Enabling task-based medical image quality assessment via machine learning

Date: 2021/12/09 - 2021/12/09

Academic Seminar: Enabling task-based medical image quality assessment via machine learning

Speaker: Dr. Weimin Zhou, postdoctoral scholar in the Department of Psychological & Brain Sciences at University of California, Santa Barbara (UCSB)

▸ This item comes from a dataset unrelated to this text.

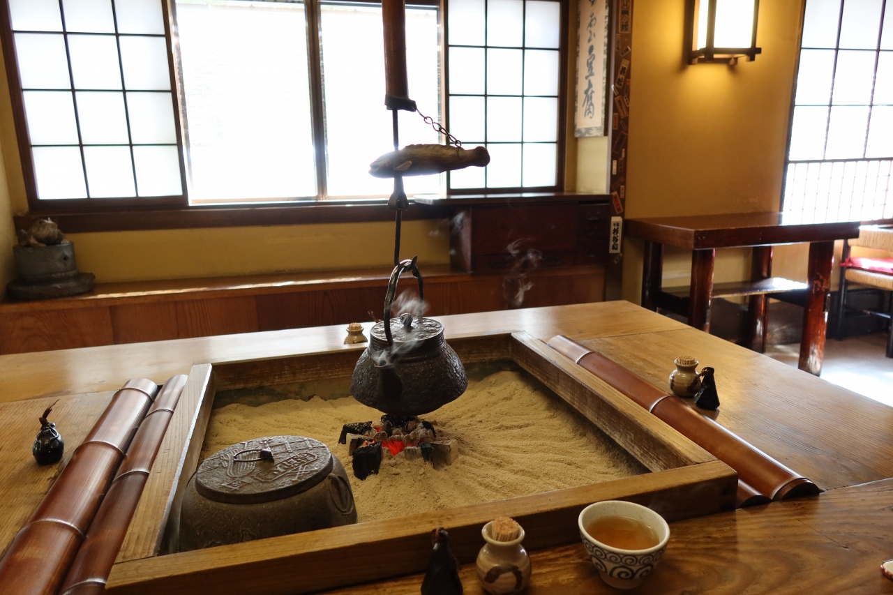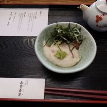 箱根湯本駅から湯場滝通りを歩き早川を渡った角、はつ花本店の対面にある和館が知客茶家です。平日の昼過ぎに行きましたが意外と混んでいて囲炉裏の炉端席に通されました。頂いたのは「山芋点心」。まぐろ山かけ、早雲豆腐、とろろ、麦ごはん、吸い物が付いて2000円弱。とろろの味を充分に味わえる定食になっており、名物の早雲豆腐は特に美味しいです。健康的なとろろは何度食べても美味しいです。

Time: 9:00 a.m.-10:00 a.m., Dec 9th, 2021 (Beijing Time)

Location: via Feishu

Abstract

Biomedical imaging systems should be assessed and optimized via task-based image quality measures. Task-based image quality measures quantify the performance of some observers for specific diagnostic tasks. Model observers, such as the Bayesian Ideal observer and the Hotelling observer, have been advocated to evaluate task-based image quality measures. Machine learning methods have been extensively explored and successfully applied to establish inference models for performing various medical imaging tasks, such as abnormality detection. This talk will introduce several of my developed machine learning methods for enabling task-based image quality assessment in medical imaging. In the first part of my talk, I will describe supervised learning-based methods to approximate the Bayesian Ideal observer and the Hotelling observer. I will focus on binary signal detection tasks and joint signal detection and localization tasks. In the second part of my talk, I will introduce an augmented generative adversarial network (GAN) architecture named advancedAmbientGAN for learning statistical properties of to-be-imaged objectsfrom raw medical imaging measurements. This method enables the establishment of stochastic object models that capture realistic textures and anatomical variations for use in assessing task-based image quality. In the third part of my talk, I will present a GAN-enabled Markov-Chain Monte Carlo (MCMC-GAN) method. This method significantly extends the domain of applicability of MCMC methods for computing the Bayesian Ideal observer.

Biography

Dr. Weimin Zhou is a postdoctoral scholar in the Department of Psychological & Brain Sciences at University of California, Santa Barbara (UCSB). Before joining UCSB in 2020, he was a research assistant in the Department of Biomedical Engineering at Washington University in St. Louis (WashU) and a visiting scholar in the Department of Bioengineering at University of Illinois at Urbana-Champaign (UIUC). Dr. Zhou received his dual BSc(Eng) degrees in Telecommunications Engineering with Management from Beijing University of Posts and Telecommunications (BUPT) and Queen Mary University of London (QMUL) in 2014. He earned his M.S. and Ph.D. degrees in Electrical Engineering at WashU in 2016 and 2020, respectively. Dr. Zhou is the recipient of the SPIE Community Champion and the SPIE Medical Imaging Cum Laude Poster Award (best poster award). His research utilizes various tools to advance biomedical imaging technologies and bridges the fields of biomedical imaging, machine learning, vision science, and image science. His work on machine learning-enabled task-based image quality assessment was published in the top medical imaging journal IEEE TMI.